**REQUIREMENT**
Set down the whole listing below exactly. The pictures stay out.

==== GIVEN INFORMATION

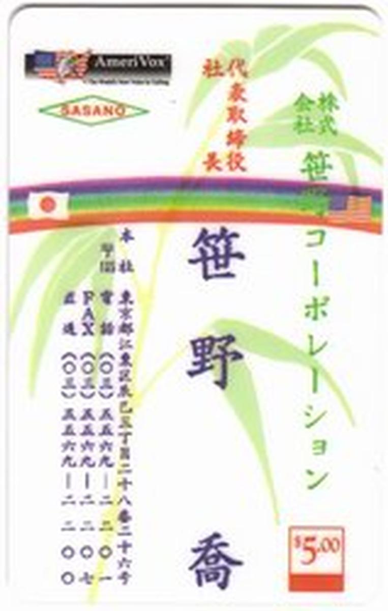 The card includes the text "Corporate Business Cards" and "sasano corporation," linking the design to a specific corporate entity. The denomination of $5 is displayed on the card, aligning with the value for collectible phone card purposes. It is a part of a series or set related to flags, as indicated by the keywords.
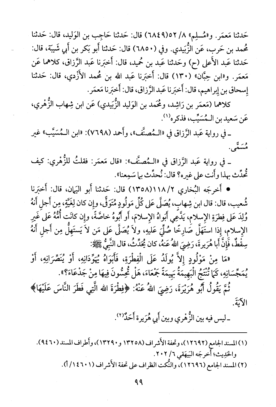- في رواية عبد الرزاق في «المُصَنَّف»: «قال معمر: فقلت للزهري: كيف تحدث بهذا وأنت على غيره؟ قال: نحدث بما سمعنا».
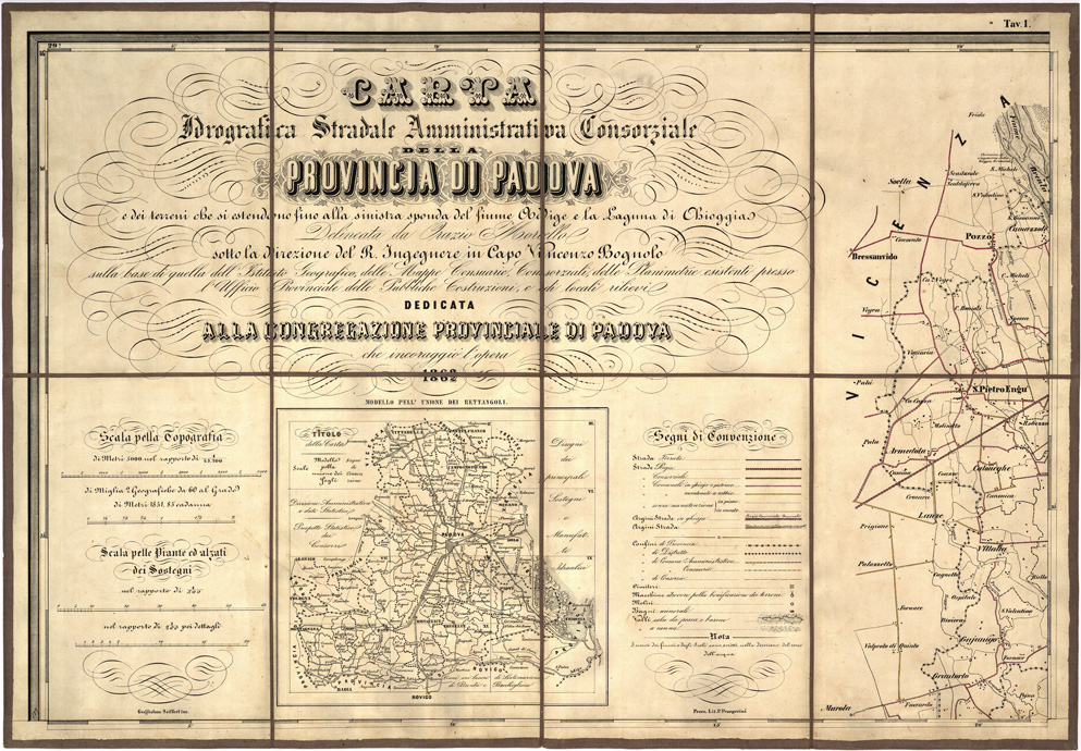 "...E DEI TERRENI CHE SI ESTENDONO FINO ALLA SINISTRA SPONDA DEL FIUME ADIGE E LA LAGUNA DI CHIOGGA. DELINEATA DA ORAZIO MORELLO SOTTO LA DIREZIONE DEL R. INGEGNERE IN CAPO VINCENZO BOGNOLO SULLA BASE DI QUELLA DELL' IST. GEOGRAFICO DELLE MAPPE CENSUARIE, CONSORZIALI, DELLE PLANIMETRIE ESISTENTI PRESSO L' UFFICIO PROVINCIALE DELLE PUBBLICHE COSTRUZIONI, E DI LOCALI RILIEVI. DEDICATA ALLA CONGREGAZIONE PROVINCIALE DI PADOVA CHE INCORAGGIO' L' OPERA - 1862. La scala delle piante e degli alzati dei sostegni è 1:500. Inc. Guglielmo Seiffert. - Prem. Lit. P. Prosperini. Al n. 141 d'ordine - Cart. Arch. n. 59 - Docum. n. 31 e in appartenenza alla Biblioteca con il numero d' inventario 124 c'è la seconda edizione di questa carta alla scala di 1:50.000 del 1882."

========

**SOLVED PROBLEM**
 The card includes the text "Corporate Business Cards" and "sasano corporation," linking the design to a specific corporate entity. The denomination of $5 is displayed on the card, aligning with the value for collectible phone card purposes. It is a part of a series or set related to flags, as indicated by the keywords.
- في رواية عبد الرزاق في «المُصَنَّف»: «قال معمر: فقلت للزهري: كيف تحدث بهذا وأنت على غيره؟ قال: نحدث بما سمعنا».
 "...E DEI TERRENI CHE SI ESTENDONO FINO ALLA SINISTRA SPONDA DEL FIUME ADIGE E LA LAGUNA DI CHIOGGA. DELINEATA DA ORAZIO MORELLO SOTTO LA DIREZIONE DEL R. INGEGNERE IN CAPO VINCENZO BOGNOLO SULLA BASE DI QUELLA DELL' IST. GEOGRAFICO DELLE MAPPE CENSUARIE, CONSORZIALI, DELLE PLANIMETRIE ESISTENTI PRESSO L' UFFICIO PROVINCIALE DELLE PUBBLICHE COSTRUZIONI, E DI LOCALI RILIEVI. DEDICATA ALLA CONGREGAZIONE PROVINCIALE DI PADOVA CHE INCORAGGIO' L' OPERA - 1862. La scala delle piante e degli alzati dei sostegni è 1:500. Inc. Guglielmo Seiffert. - Prem. Lit. P. Prosperini. Al n. 141 d'ordine - Cart. Arch. n. 59 - Docum. n. 31 e in appartenenza alla Biblioteca con il numero d' inventario 124 c'è la seconda edizione di questa carta alla scala di 1:50.000 del 1882."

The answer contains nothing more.